It's booting from a 32 GB high-endurance micro SD.  The problem I've observed with RPi computers in the past is that they destroy their boot media.  Most, if not all, micro SD cards do not have wear leveling, and so the constant logging and other activity eventually 'wears a hole' in the media and it fails.  This didn't keep my original single-core 700 MHz Pi from setting a personal runtime record of 1503 days, but it would not boot after power was restored.  Added a new high-endurance micro SD card to it, and it came right back up.

Back in the Watkins days we were using Pi3 computers for door access control.  Everything was rock-solid reliable - until the boot media would fail.  That's when I hit on the idea of using the high-endurance cards.  I've never had one of those fail, knock on wood.
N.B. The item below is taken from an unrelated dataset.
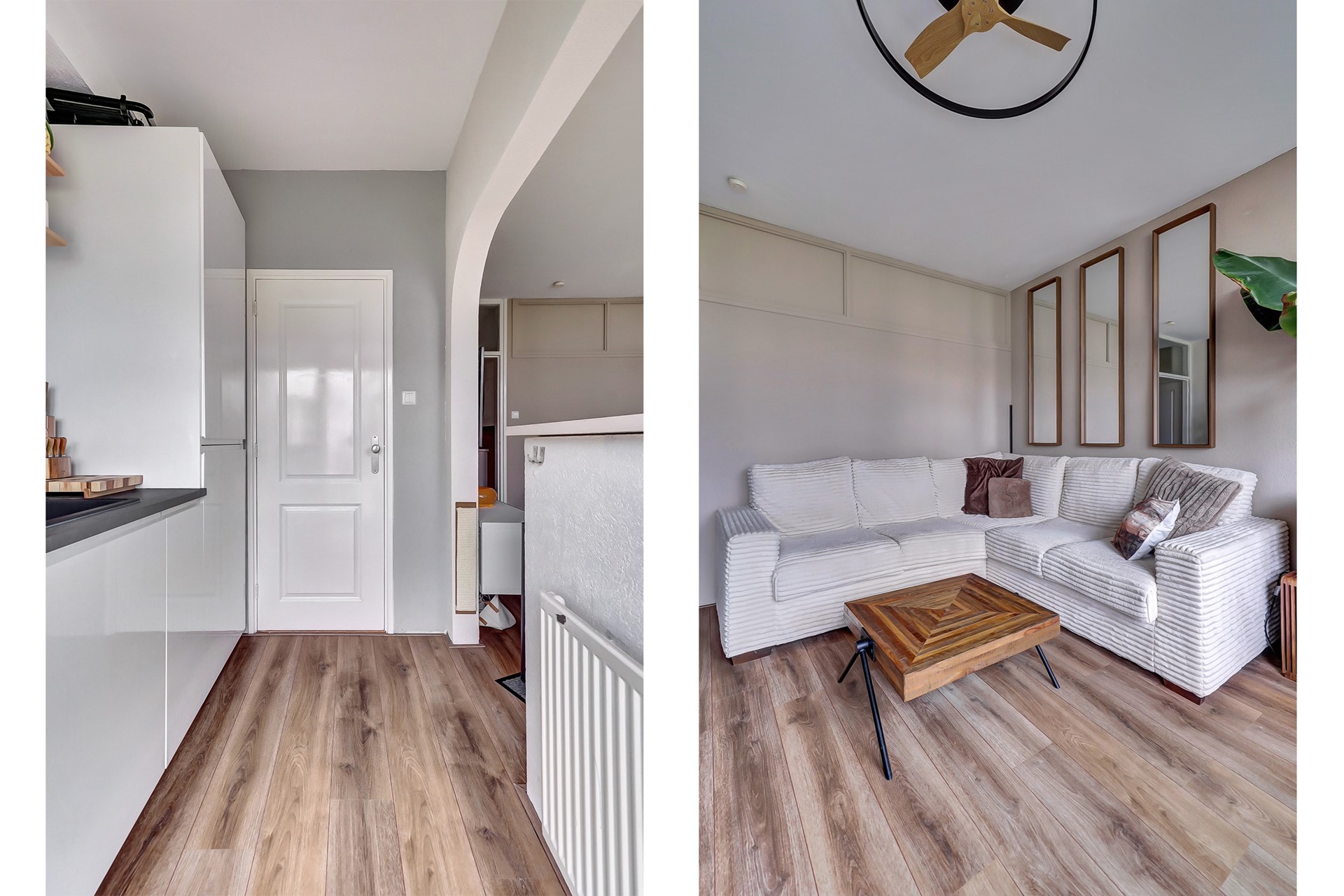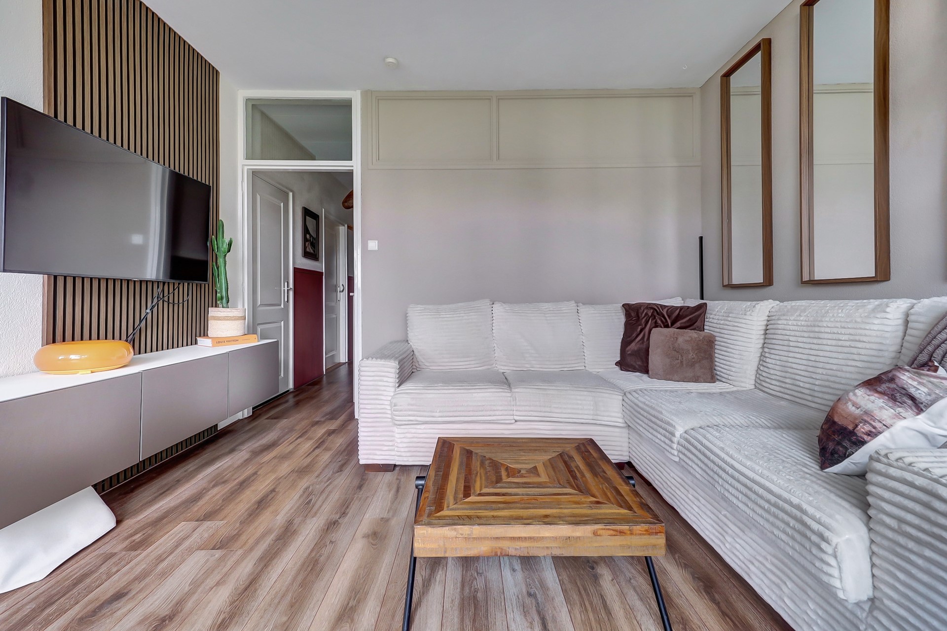De badkamer werd in 2025 prachtig verbouwd, de hal en de woonkamer zijn dit jaar ook opnieuw geverfd en voorzien van een nieuwe laminaatvloer.

I still like the idea of wear leveling, so I bought a 500 GB NVMe drive and a USB 3+ enclosure.  It's bloody fast when connected to a Mac laptop, over 900 MB/sec both read and write.  I copied the Ubuntu boot image onto it and plugged it into the PI4.  I did have to flash the Pi firmware so it will boot either from an SD card or external USB media.  The Pi boots up and runs beautifully - for 10 to 20 minutes, then it just hangs.  Power cycle and it's good for another 10 - 20 minutes.

Is it a power issue?  I have a spare USB 3.0 powered hub, so I plugged the new drive into the hub and the hub into the Pi.  It looks silly, with the hub being substantially larger than the computer, but it boots up, runs beautifully for 10 - 20 minutes - and hangs.  I don't think the trouble can be blamed on power supply issues, and I'm stumped as to what else might be going on.  I'm back on the high-endurance micro SD card, but would like very much to have the added capacity and wear leveling the SSD offers.

Speed through the hub was dismal at about 32 MB/sec., pretty much USB 2.0 performance, but that would have been OK if the Pi would run and not lock up.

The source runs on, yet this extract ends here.